Intervention: Initial therapy with oral prednisone tapered from 15 mg/d to 0 mg/d over 16 weeks according to a standard protocol, plus infusions of placebo or infliximab, 3 mg/kg of body weight, at Weeks 0, 2, 6, 14, and 22.
Measurements: The primary efficacy end point was the proportion of patients without relapse or recurrence through Week 52. Secondary outcomes were the proportion of patients no longer taking prednisone, the number of relapses and recurrences, the duration of prednisone therapy, and the cumulative prednisone dose.
Results: Four patients (three in the infliximab group and one in the placebo group) did not complete the trial. The proportion of patients who were free of relapse and recurrence at 52 weeks did not differ between groups (six of 20 patients [30%] in the infliximab group versus 10 of 27 patients [37%] in the placebo group; adjusted risk difference, -3 percentage points [95% CI, -31 to 24 percentage points]; p=0.80). In a sensitivity analysis that included dropouts, the best-case scenario yielded a difference of 5 percentage points (CI, -21 to 31 percentage points) between the groups. The secondary outcomes at Weeks 22 and 52 did not differ between the groups.

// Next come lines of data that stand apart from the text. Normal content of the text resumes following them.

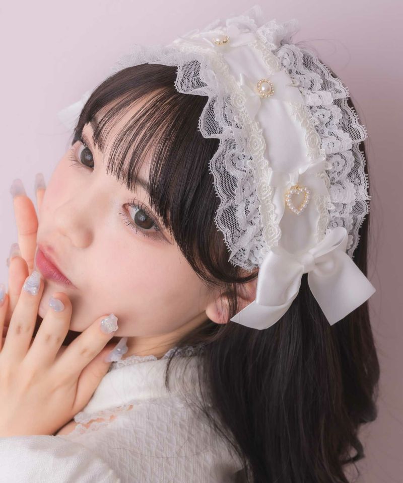 リボンディテールたっぷりのヘッドドレスが登場♪バラのケミカルレースで華やかさをプラス、お顔周りを覆うレースが"上品可愛い"をアップデートしてくれます。下ろしヘアにも、ツインテールなどのまとめ髪にも◎クリップ式なので挟むだけで簡単、小顔効果も期待でき、可愛くメイクアップしてくれます♡ ※照明の関係で実際のお色味と若干異なる場合がございます。 ※表示のサイズ感と実物は若干異なる場合がございますので、予めご了承ください。
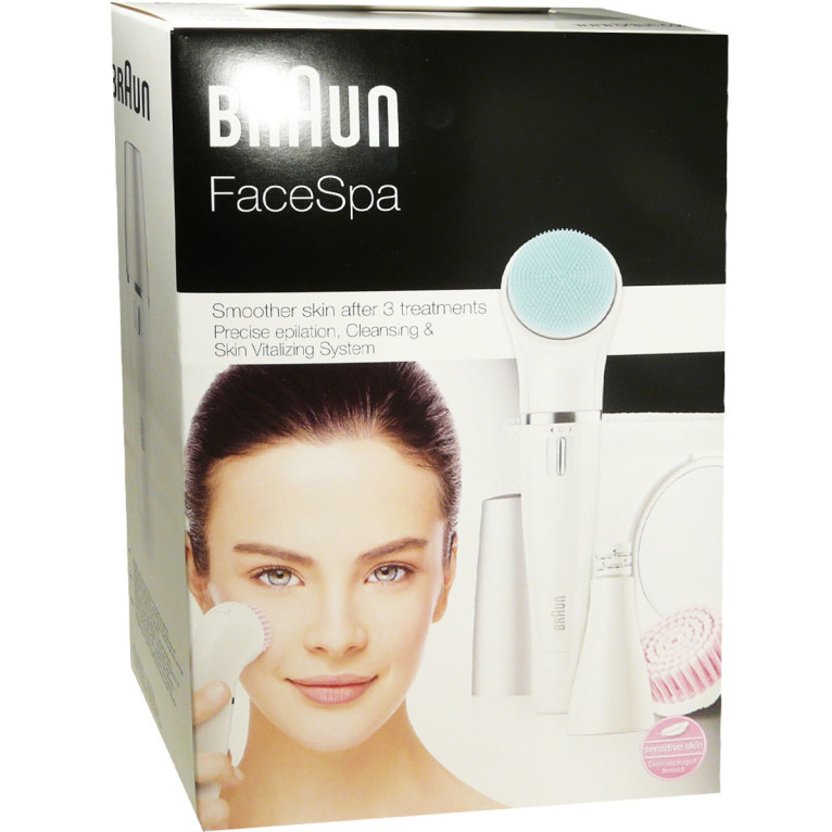 BRAUN conçoit des appareils pour le bien-être et le confort de chacun comme les rasoirs, les épilateurs, et thermomètres. Facial SPA Epilateur Visage de BRAUN est un appareil composé de 2 éléments. Il possède une brosse nettoyante pour nettoyer tout en douceur et en profondeur le visage, et un embout pour l’épilation du visage (menton, lèvre supérieur, front, sourcil). L’embout épilateur possède une tête étroite composée de 10 micro-ouvertures pour éliminer tout en douceur et avec précision les poils disgracieux dès la racine et les plus fins (0,02mm) du visage. La peau restera nette pendant 4 semaines. La brosse nettoyante qui bénéficie de la technologie sonique et Wet&Dry pour être 100% étanche même sous la douche ou dans le bain, va nettoyer le visage sans effort pour redonner éclat et pureté. Avec ses centaines de micro-oscillations, elle va éliminer toutes les impuretés et le maquillage et exfolier tout en douceur l’épiderme pour affiner le grain de peau, stimuler la microcirculation sanguine, et lui redonner beauté et netteté en étant 6 fois plus efficace qu’un nettoyage à la main. Après le nettoyage les crèmes et lotions pénètreront mieux la peau pour des résultats ultra-efficaces. Grâce à ce Facial SPA Epilateur Visage 3 en 1, le visage sera revitalisé et net pour une peau éclatante. Pratique son petit format et sa pochette permet de transporter Facial SPA Epilateur Visage partout avec soi.
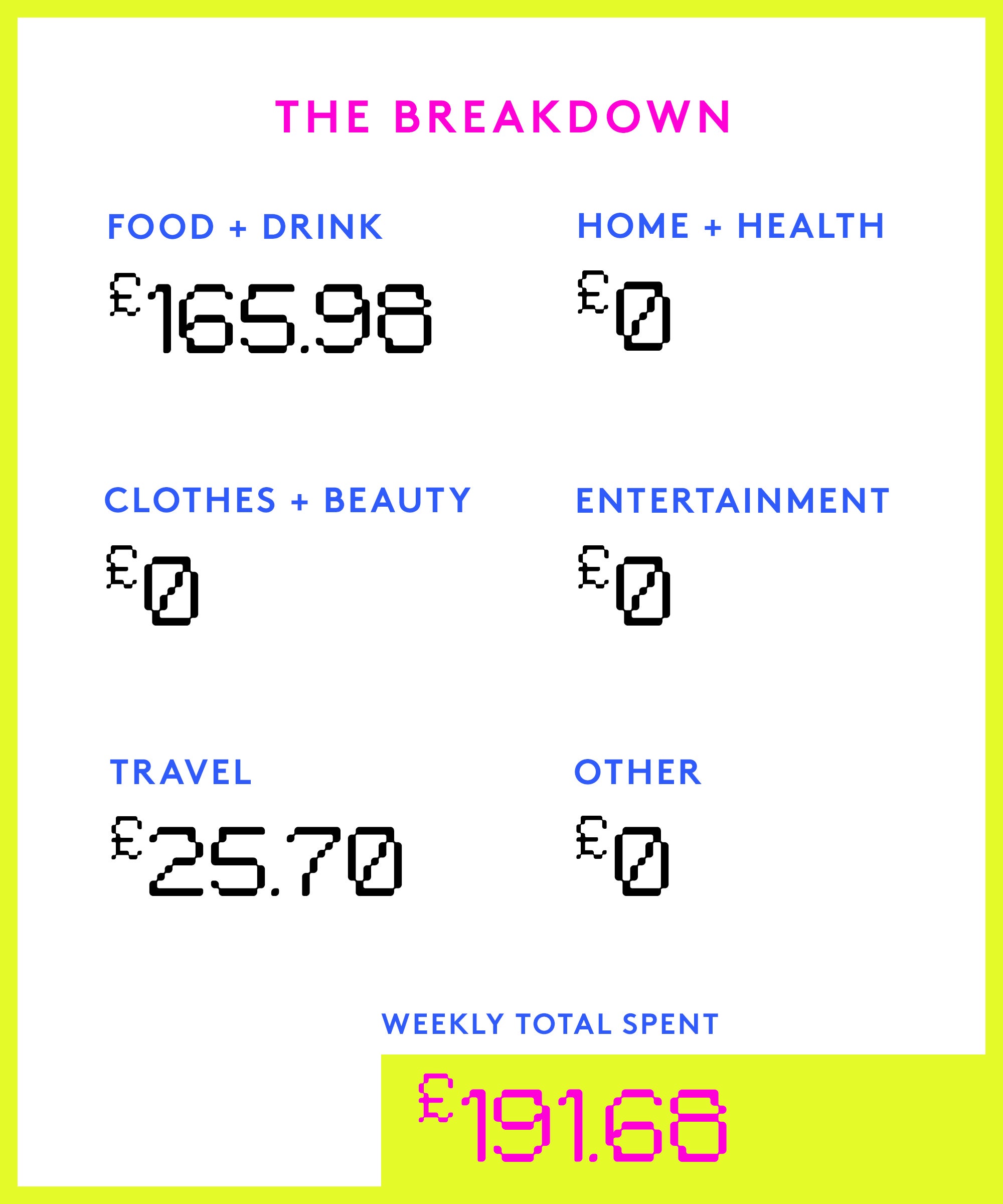 “All in all it was a good week, although definitely more expensive as I had my girls’ catch-up. We usually meet up at least once a month and go for a nice dinner and a few drinks, which can sometimes set me back £100+. As I expected, most of my spending is on food. I think I have to be more conscious of eating out, especially now with a mortgage. When we move into the new place, we can have our friends over more often rather than eating out so hopefully that will help me save a bit more.”
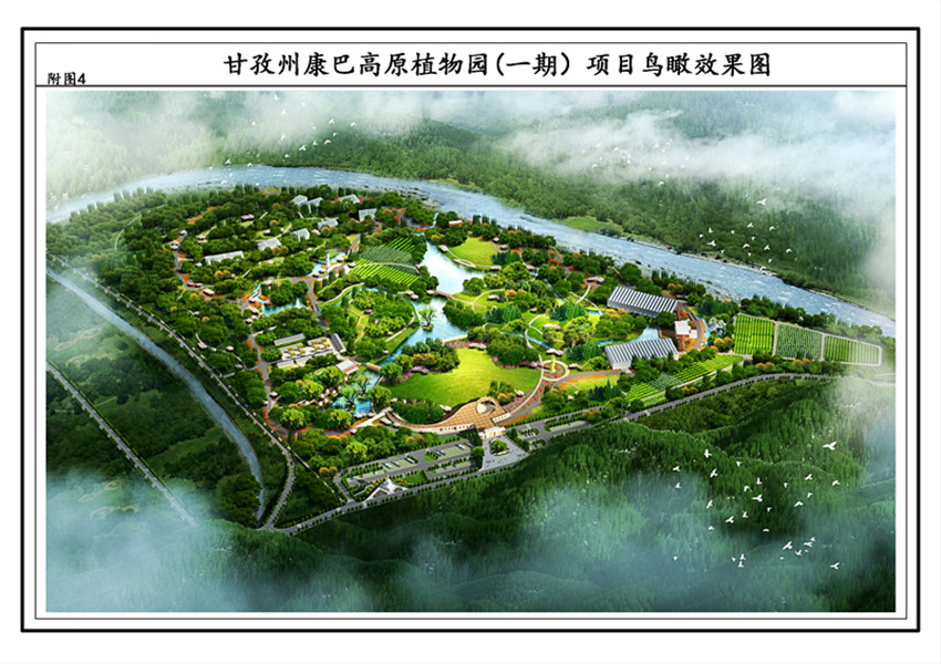 甘孜州康巴高原植物園(一期)項(xiàng)目鳥瞰效果圖。
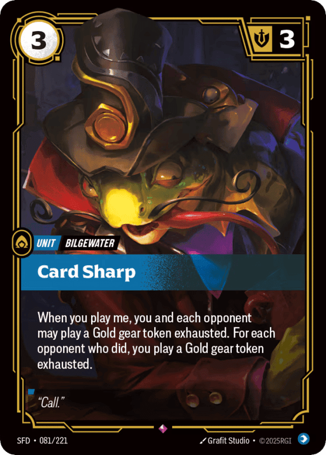 When you play me, you and each opponent may play a Gold gear token exhausted. For each opponent who did, you play a Gold gear token exhausted.
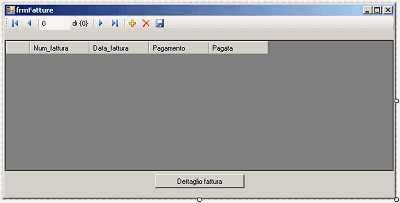 In questo modo il programma visualizzerebbe, all’interno della griglia appena aggiunta sul form frmDettaglio (PrestazioniDataGridView), i “dettagli fattura” relativi a tutte le fatture in archivio.
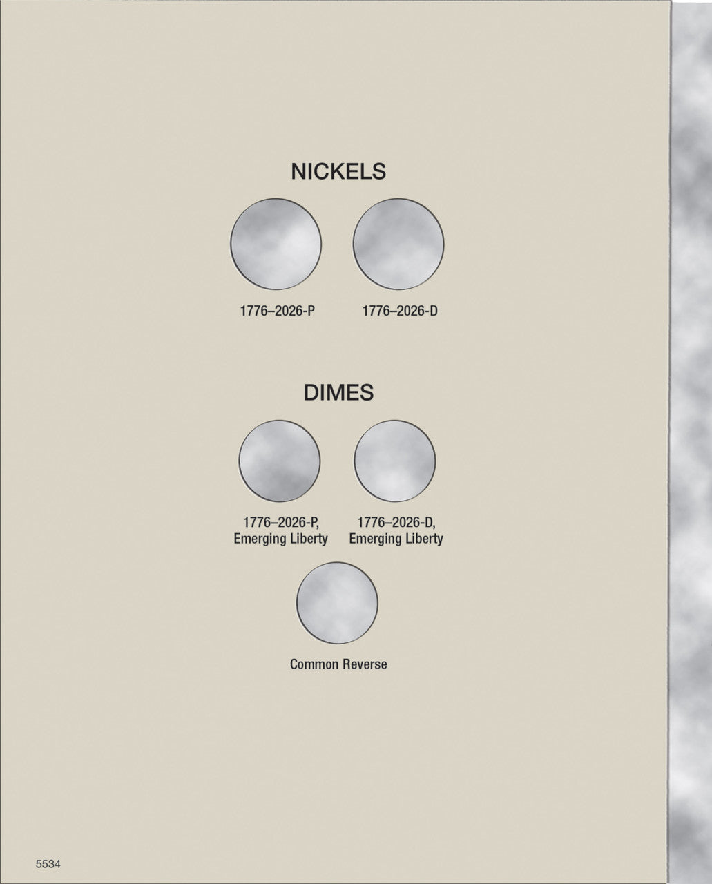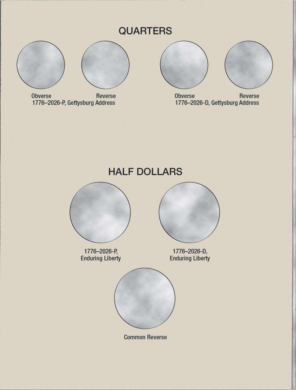 Clearly marked openings make coin placement and identification easy, with brief historical context, mintage figures, and series information included. This folder features three panels with 28 openings for circulation-strike coins from the Philadelphia and Denver mints dated 2026, commemorating the 250th Anniversary of the United States.
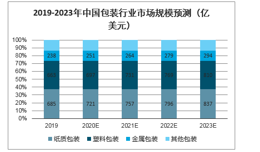 從我國現(xiàn)在包裝發(fā)展的情況預(yù)測,2020年中國包裝行業(yè)市場規(guī)模將突破1900億美元,約占亞太市場55%的份額,并將以約5%的速度持續(xù)增長,高于全球市場約4%的整體增長預(yù)期。其中,紙質(zhì)和塑料包裝分別占比約37%,金屬占比約13%。
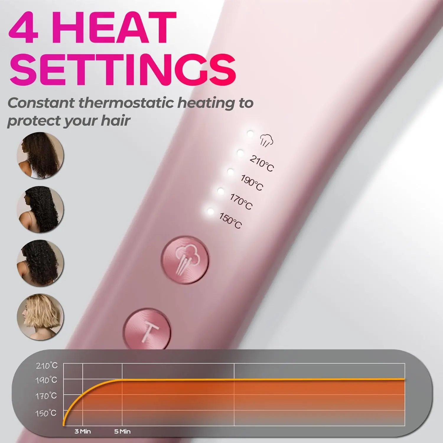 • 4 adjustable temperature settings for all hair types.
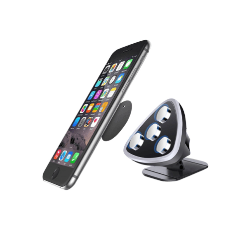 This is a great little phone holder! My phone case has a magnet built in and sticks to this perfectly. It is very easy to install as it already has a self-stick label on it and it can be adjusted to swivel at the perfect angle. I added my own self stick stylus holder to it for convenience. I purchased two packs so I had one for both the driver and passenger seat. When I am riding as a passenger and taking zoom calls for work this perfectly holds my phone at a great angle as well.
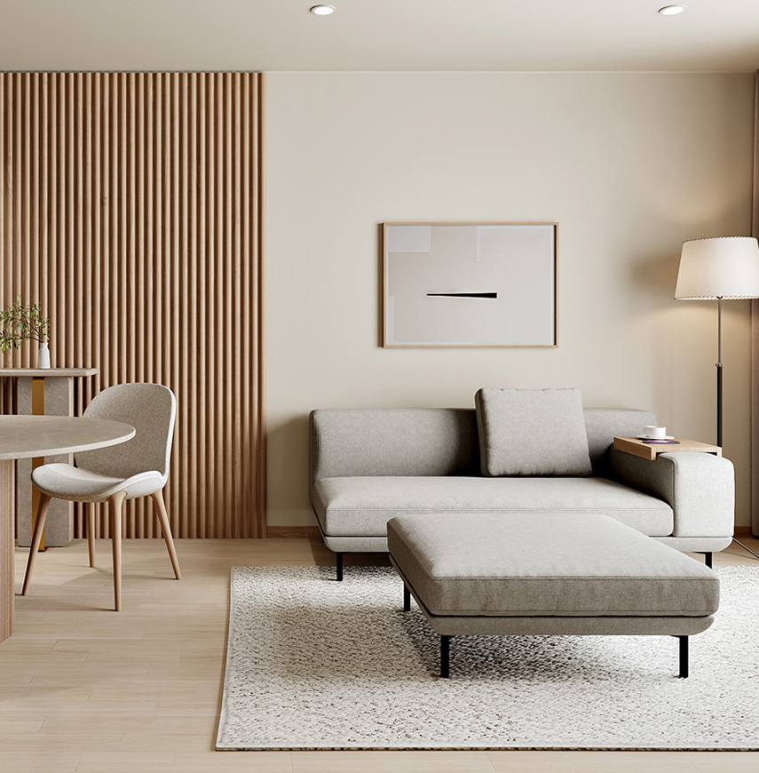 Variousシリーズは、どんなお部屋にも合うように様々な意匠のソファをご用意しております。中でも、Fader Standardは音量調節やバランスを整えるための機能という意味を持つ「Fader」という言葉から着想を得ており、ソファで過ごす時間が日常におけるバランスを整えるイメージを大切に作りあげました。
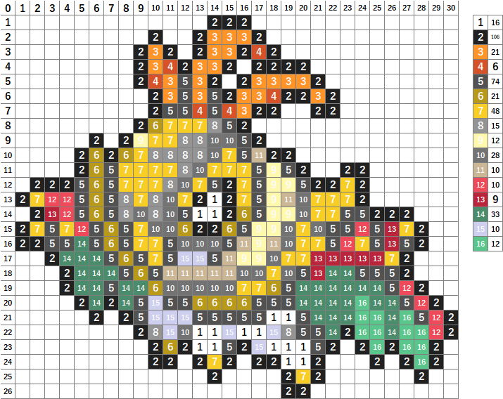 今回はポケモンのメガルチャブルのドット絵です!アイロンビーズやアクアビーズ、マイクラ、クロスステッチの図案にどうぞ。
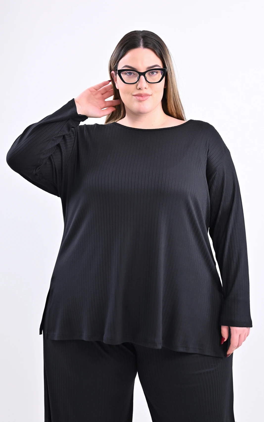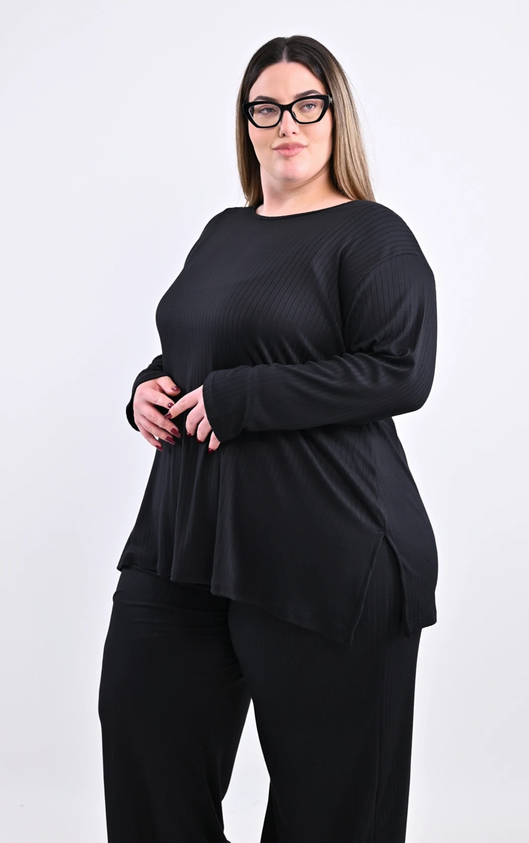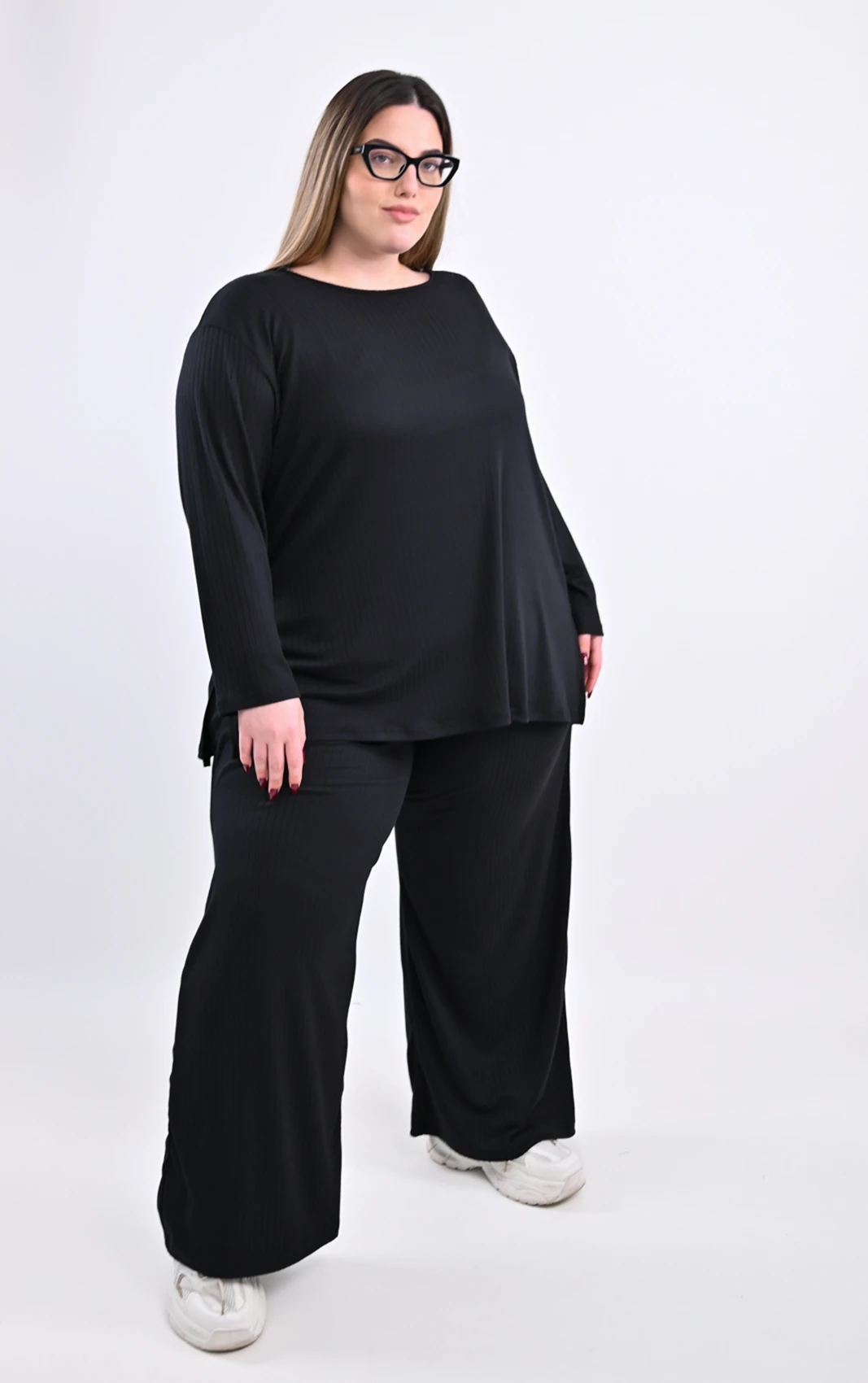 Ανακαλύψτε αυτό το υπέροχο σετ δύο τεμαχίων. Σχεδιασμένο για να προσφέρει μια χαλαρή και ταυτόχρονα καλόγουστη εμφάνιση, είναι η ιδανική επιλογή για την γυναίκα που θέλει να νιώθει άνετα και όμορφα όλη μέρα. Η απαλή, ριπ πλέξη του έχει υπέροχη υφή και κίνηση, ενώ το διαχρονικό μαύρο χρώμα του το καθιστά ένα απόλυτα ευέλικτο κομμάτι-κλειδί.

Limitations: The study had a small sample and a short follow-up. A low dosage of infliximab was used, and the prednisone dosage was rapidly tapered.
Conclusions: Although too small to be definitive, the trial provides evidence that adding infliximab to prednisone for treating newly diagnosed PMR is of no benefit and may be harmful. If there is benefit, it is unlikely to be large.
Commentary
The need for meaningful alternatives to GCCs in treating GCA and PMR is painfully obvious to rheumatologists. Eighty percent of patients with GCA will experience at least one adverse event due to GCCs and overall morbidity of this therapy is high, especially in an older population. Unfortunately, studies to find safer treatments, such as methotrexate, to reduce the dose or duration of GCC therapy and lead to prolonged remissions have been disappointing to date.1,2
Growing knowledge of the role cytokine mediators in the vessels affected by GCA, including TNF, raises the possibility that the TNF-a inhibitors might be effective steroid-sparing agents. Several case reports suggested that infliximab could produce remissions in patients with GCA and PMR.3,4 Case studies are often encouraging—although sometimes misleading because of the bias in publishing positive results. Randomized trials are always important in determining the true value of a therapy, often dashing the hopes provided by the preliminary reports.